人を雇うことも考えましたが、私がなりたかったのは経営者ではありませんでしたし、いつまでたっても人事部の制度設計といった上流工程の相談はきません。前職の企業ブランドとこれまで培ってきた採用業務のノウハウで稼いでいるだけだったことに気づきました。

 

そんなとき前職のマネージャーが声をかけてくれて、大手派遣会社に入社することに。

売上が600億円ぐらいあるのに人事部がないという会社だったので、スタッフ教育から制度運用の整備など、責任者として制度構築や体制づくりに取り組めたのはいい経験になりました。製造業に特化した派遣会社ということもあって、ビジネスモデルがシンプルだったのも大きかったですね。

 

ただ、なじみのない業界の会社だったので、企業DNAに共感しながら腰をすえて人事制度を作りたいと考え、大手Webサービス企業に転職しました。
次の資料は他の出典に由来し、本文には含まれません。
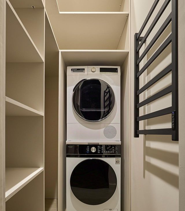 Отдельная постирочная комната, стиральная и сушильная машины, множество места для хранения.
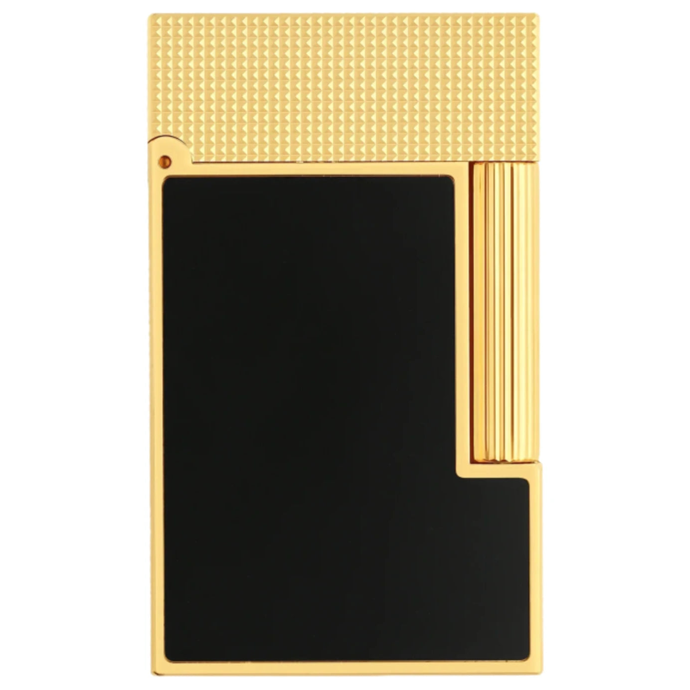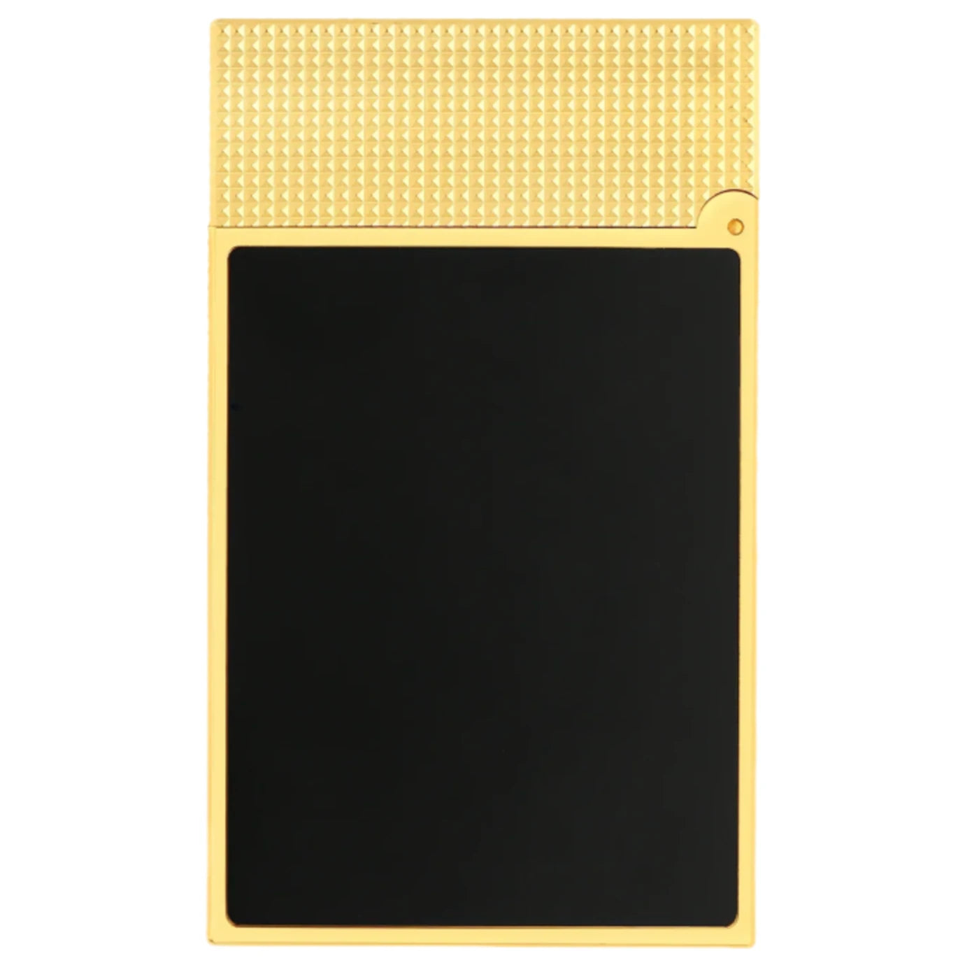 A full-sized classic Line 2 lighter featuring a yellow gold micro-diamond head pattern with black lacquer and a perfect ping.

変わることをポジティブにとらえ、変わり続けようという確かな意志があり、変化を実践することの難易度が高そうだと感じられたのが決め手です。エンジニアが多い会社だったので、自分の出自と相性がよいのもポイントでした。

 

現在は社内のヒアリングや分析、ニーズの確認を繰り返して、エンジニアの待遇改善や全社横断の人事施策の検討など、様々な企画業務に携わらせてもらっています。

中途入社だからこそ感じた違和感や客観性を大切にしているため、社内的には“なんだか不思議な動きをしている人”という印象があるかもしれません。

エンジニアのスキル定義やキャリアの歩み方はこれから変わっていきますし、それにともなって人事制度も変化していくべきだと考えています。周囲や環境に恵まれて、客観性を忘れずに企画してほしいといってもらえているので、楽しみながらやっています。

 

 

キャリアを考える時に大事にしていること

 

キャリアコンサルタントの資格は、広告代理店を辞めたあとすぐに取得しました。

人事畑を長く続けていくつもりでいたので仕事柄必要だと感じたことと、転職が“その人”にとって本当によいことなのか、理論的に考えられるようになりたかったからです。

 

人材紹介や採用活動は、転職することそれ自体をゴールに掲げがちなので、点ではなく線でキャリアというものを理解したかったんです。応募者にしっかり寄り添ったエージェントになりたい、そう思って資格を取りました。

 

キャリアコンサルティングにはいくつかの流派がありますが、私はスタンフォード大学のジョン・D・クランボルツによって提唱された「計画的偶発性理論」が一番しっくりきています。

 

前もって計画した自身のキャリアは予想できない偶発的なことによって左右されるため、自分のスキルは? 強み・弱みは? 自分のWILLは? 何が好きで何が嫌い? といった判断基準を明確にしておくことで、その時々に浮かび上がってきた選択肢の中で正しいものを選んでいこうというポジティブな考え方です。

 

事実、目標を立てたいけれどやりたいことがなくて目指す場所がわからずにいる人や、どのポジションが自分にとって最適なのか気づけずに苦しんでいる人が回りにたくさんいます。

そういった方々の悩みを解消するための施策を生み出し、一人ひとりの可能性を広げるお手伝いができればうれしいです。

会社の目標に一丸となって向かうやり方がすべてではなく、その場で「よい」と判断した選択を重ねてキャリアを作っていくのもありなんだよ、ということを伝えていきたいですね。